Sebi on Tuesday imposed a penalty of Rs 50 lakh on the National Stock Exchange for making changes in compensation policy for senior management level people without taking prior approval from the markets regulator.
Sebi on Tuesday imposed a penalty of Rs 50 lakh on the National Stock Exchange for making changes in compensation policy for senior management level people without taking prior approval from the markets regulator. The change in the policy resulted in encashment of accumulated ordinary leaves for NSE’s former managing directors and chief executive officers — Ravi Narain and Chitra Ramkrishna — above the limit of 360 days granted by the exchange without taking Sebi’s prior nod, an order said.
According to Sebi, this led to non-compliance with the provisions of the SECC or Securities Contracts (Regulation) (Stock Exchanges and Clearing Corporations) Regulations.
“The noticee (National Stock Exchange), being the leading regulated stock exchange in India, should have set higher standards of compliance which is found missing in the present case,” Sebi said.
“Further, the material brought on record shows that the failure of taking prior approval from Sebi before making a change in its policy which was approved by the Compensation Committee/ NSE Board of NSE on November 26, 2012 may be a single instance but, it has led to violation on repeated instances…,” the order said.
The instances include encashment of accumulated ordinary leave by Ravi Narain and Chitra Ramkrishna over and above the limit of 360 days at the time of his retirement and her resignation, respectively, it added.
The Securities and Exchange Board of India (Sebi) had received a letter from Ministry of Finance regarding a news report which referring to the NSE’s annual report stated that Ramkrishna earned about Rs 44 crore in a period of three years during which she held the position at the exchange and that she earned Rs 23 crore as total remuneration in the last eight months of her tenure. She was a former MD and CEO of the exchange.
Based on the reference from the ministry, Sebi initiated an examination of the matter.
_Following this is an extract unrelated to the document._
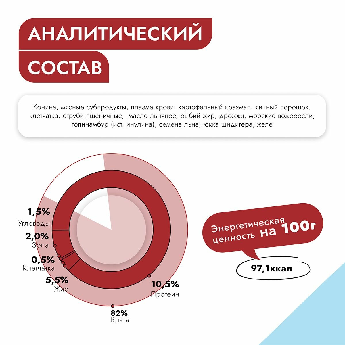 | Плюсы: | Хорошая консистенция, нету жира, мало субпродуктов, банка набита до самого верха, состав -конина, при кормлении не выявилось никаких аллергий и желудочно-кишечного расстройства |

Under the NSE policy, leave encashment of up to 360 days is permitted for an employee.
However, on comparing the approved compensation and actual gross compensation paid for the period of eight months and two days to Ramkrishna for the financial year 2016-2017, Sebi observed that the NSE board on the basis of the recommendation of its Nomination and Remuneration Committee permitted an additional encashment of 168 days.
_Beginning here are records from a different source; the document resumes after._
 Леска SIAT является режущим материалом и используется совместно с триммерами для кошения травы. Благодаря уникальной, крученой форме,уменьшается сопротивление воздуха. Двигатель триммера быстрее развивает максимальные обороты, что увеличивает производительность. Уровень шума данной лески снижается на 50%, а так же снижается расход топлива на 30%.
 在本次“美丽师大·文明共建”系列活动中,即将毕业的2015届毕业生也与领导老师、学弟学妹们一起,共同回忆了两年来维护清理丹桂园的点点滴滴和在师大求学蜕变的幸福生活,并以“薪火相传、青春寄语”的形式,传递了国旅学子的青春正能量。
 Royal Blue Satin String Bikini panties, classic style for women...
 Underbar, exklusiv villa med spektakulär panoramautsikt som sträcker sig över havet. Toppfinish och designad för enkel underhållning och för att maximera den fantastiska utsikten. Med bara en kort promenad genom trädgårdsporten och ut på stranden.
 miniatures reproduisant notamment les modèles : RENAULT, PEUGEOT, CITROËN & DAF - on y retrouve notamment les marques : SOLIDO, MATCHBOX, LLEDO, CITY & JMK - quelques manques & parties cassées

The extra remuneration paid to Ramkrishna on account of encashment of this additional 168 days of leave was Rs 1.54 crore, as per Sebi.
Sebi said such nature of default with regard to non-adherence to guidelines prescribed under the SECC Regulations as observed in this case would compromise the regulatory framework and should be dealt with by imposing monetary penalty so as to send an effective message to the market participants as a whole.
Accordingly, Sebi decided to impose a fine of Rs 50 lakh on the NSE.